◆ **WORK TO COMPLETE**
What lines of the data below include the word "provide"? Report them by copying each.

◆ **RAW DATA**

--- START ---

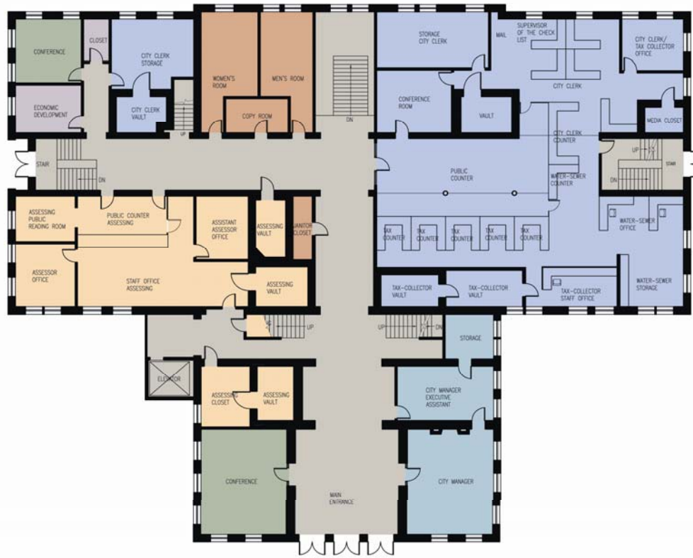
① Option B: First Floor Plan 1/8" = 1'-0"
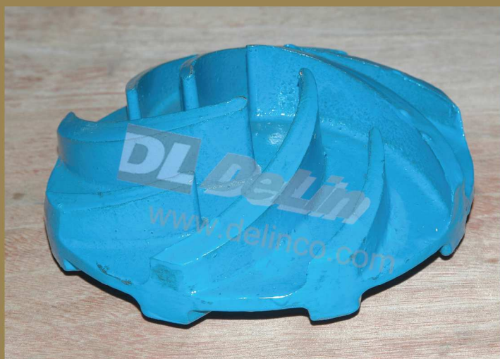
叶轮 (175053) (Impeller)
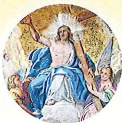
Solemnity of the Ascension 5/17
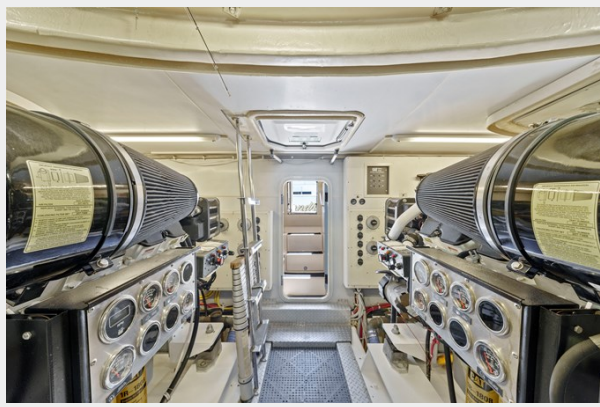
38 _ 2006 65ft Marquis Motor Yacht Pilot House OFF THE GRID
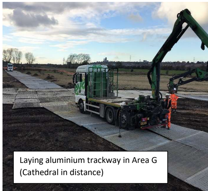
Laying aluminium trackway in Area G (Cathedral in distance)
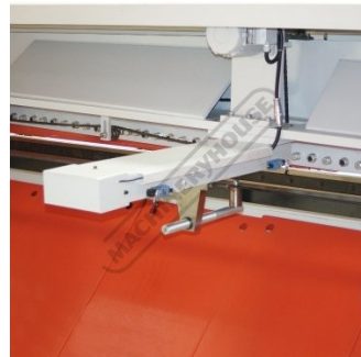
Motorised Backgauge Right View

--- END ---
--- START ---

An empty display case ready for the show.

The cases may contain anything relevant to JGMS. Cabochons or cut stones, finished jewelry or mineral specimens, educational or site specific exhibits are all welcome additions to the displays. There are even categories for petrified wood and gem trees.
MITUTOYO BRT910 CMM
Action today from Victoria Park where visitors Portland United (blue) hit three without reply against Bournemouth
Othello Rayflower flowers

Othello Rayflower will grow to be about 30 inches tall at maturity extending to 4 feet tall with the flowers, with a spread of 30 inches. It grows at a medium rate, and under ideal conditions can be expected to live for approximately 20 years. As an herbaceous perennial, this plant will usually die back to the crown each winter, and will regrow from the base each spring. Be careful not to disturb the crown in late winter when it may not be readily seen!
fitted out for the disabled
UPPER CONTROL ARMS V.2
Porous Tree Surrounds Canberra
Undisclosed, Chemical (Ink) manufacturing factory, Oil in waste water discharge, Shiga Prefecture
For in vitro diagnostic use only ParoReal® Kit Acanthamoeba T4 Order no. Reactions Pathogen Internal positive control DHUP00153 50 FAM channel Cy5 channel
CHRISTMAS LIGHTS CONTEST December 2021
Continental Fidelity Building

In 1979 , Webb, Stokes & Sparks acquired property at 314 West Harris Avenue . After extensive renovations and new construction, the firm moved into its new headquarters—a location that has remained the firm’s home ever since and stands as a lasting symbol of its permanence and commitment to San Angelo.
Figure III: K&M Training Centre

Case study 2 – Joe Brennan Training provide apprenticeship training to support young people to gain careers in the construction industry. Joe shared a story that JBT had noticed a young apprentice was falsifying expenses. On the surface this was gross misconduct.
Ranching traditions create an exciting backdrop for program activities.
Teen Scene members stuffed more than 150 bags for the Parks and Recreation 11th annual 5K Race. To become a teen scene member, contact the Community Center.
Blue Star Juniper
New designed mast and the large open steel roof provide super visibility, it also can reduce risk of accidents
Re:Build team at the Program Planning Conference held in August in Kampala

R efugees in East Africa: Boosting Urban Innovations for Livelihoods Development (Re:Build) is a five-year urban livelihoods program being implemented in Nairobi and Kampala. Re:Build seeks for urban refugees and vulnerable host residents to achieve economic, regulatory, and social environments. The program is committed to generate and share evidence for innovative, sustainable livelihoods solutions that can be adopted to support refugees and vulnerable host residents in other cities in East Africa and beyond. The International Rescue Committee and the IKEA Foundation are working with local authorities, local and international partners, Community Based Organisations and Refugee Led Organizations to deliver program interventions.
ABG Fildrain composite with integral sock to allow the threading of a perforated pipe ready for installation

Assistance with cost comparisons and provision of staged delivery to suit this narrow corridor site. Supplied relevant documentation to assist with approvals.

--- END ---

◆ **OUTPUT OF THE EXERCISE**
Case study 2 – Joe Brennan Training provide apprenticeship training to support young people to gain careers in the construction industry. Joe shared a story that JBT had noticed a young apprentice was falsifying expenses. On the surface this was gross misconduct.
New designed mast and the large open steel roof provide super visibility, it also can reduce risk of accidents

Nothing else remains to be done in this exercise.